Some believe that SARS-CoV-2 is not a real virus. Let me emphasize that this is not the point here. Even if entity A collaborated with entity B to work on something they knew was a scam - which they, together could maliciously exploit - the above shows that NEITHER would be able to validate the legitimacy of the products or information sent by the other.
It is a technical impossibility, for reasons explained above and elsewhere (see e.g. my invited book chapter and my Biosafety and Health article).
But what we do know is that already decades ago, researchers knew of the deleterious potentials of misusing biology for the creation of biological weapons. This is why we had the Biological Weapons Convention!
It should be crystal clear now that even from a technological perspective, there is no reason whatsoever why anyone should be involved in any type of dangerous research. By its very nature, gain of function work is inherently susceptible to misuse. Technical aspects and AI drastically increase this risk.
At the same time, they make it impossible for anyone to protect themselves. As there is so much push for collaboration and exchange of information, global elites must consider some sobering facts:
It would be impossible to say if it is entity A that makes itself vulnerable to entity B, or vice versa.

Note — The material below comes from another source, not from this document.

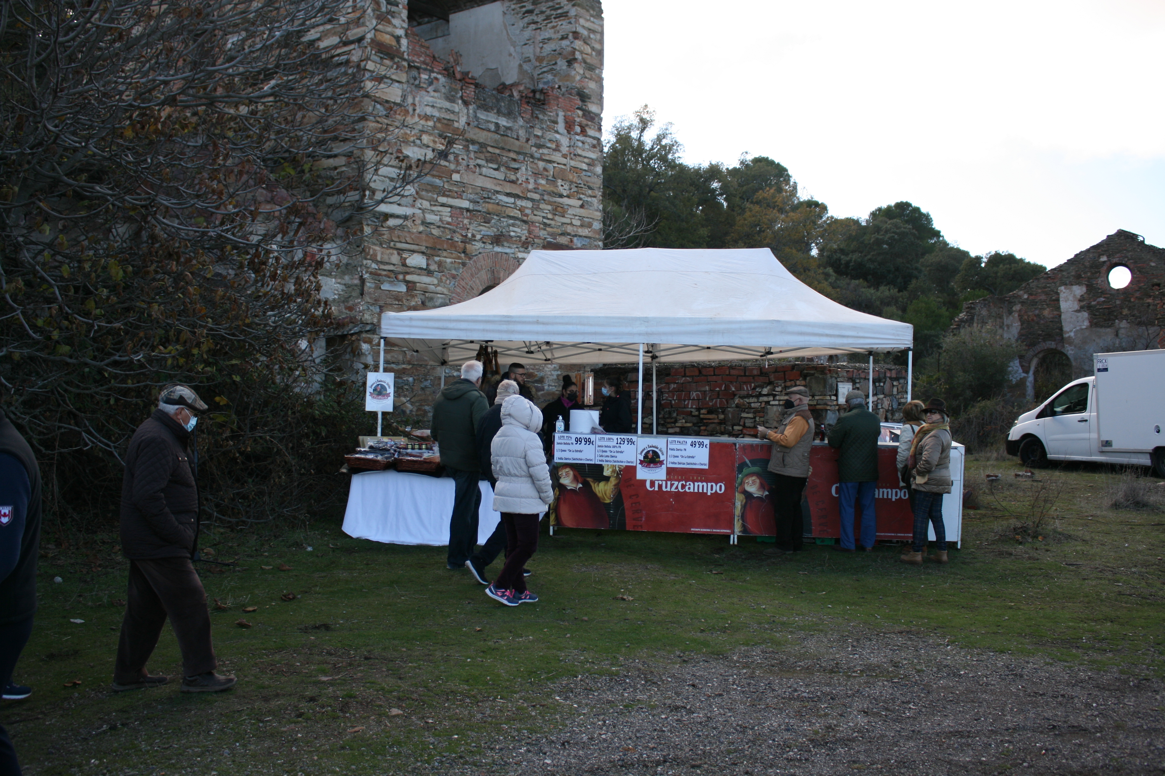 Danach wurde, wie kann es anders, gegessen und getrunken. Es wird dann ein Buffet von mitgebrachten Gerichten und Getränken aufgebaut und alle essen zusammen. Ich hatte zwar auch etwas mitgenommen, aber mir war es einfach zu kalt da oben, ohne Sonne und mit schneidendem Wind bei 7 Grad. Ich bin unverrichteter Dinge wieder abgezogen und habe bei Pipi auf die anderen gewartet. Da Kirche und Kommerz schon immer zusammen gingen, hatte sich auch hier jemand aufgebaut, der Weihnachtspakete und Schinken verkaufte.

At the end, both could be shooting themselves in the foot.
The planned WHO/IHR amendments, pushing for the mandated sharing of pathogen information, are inevitably susceptible to the same types of vulnerabilities.
Overall, the novel and surprising risks of deceptive/malicious AI systems likewise apply to GoF research. In both cases (figure below), known attempts to detect or remove such risks are not working and instead could result in even more dangerous organisms of deception/biological weapons.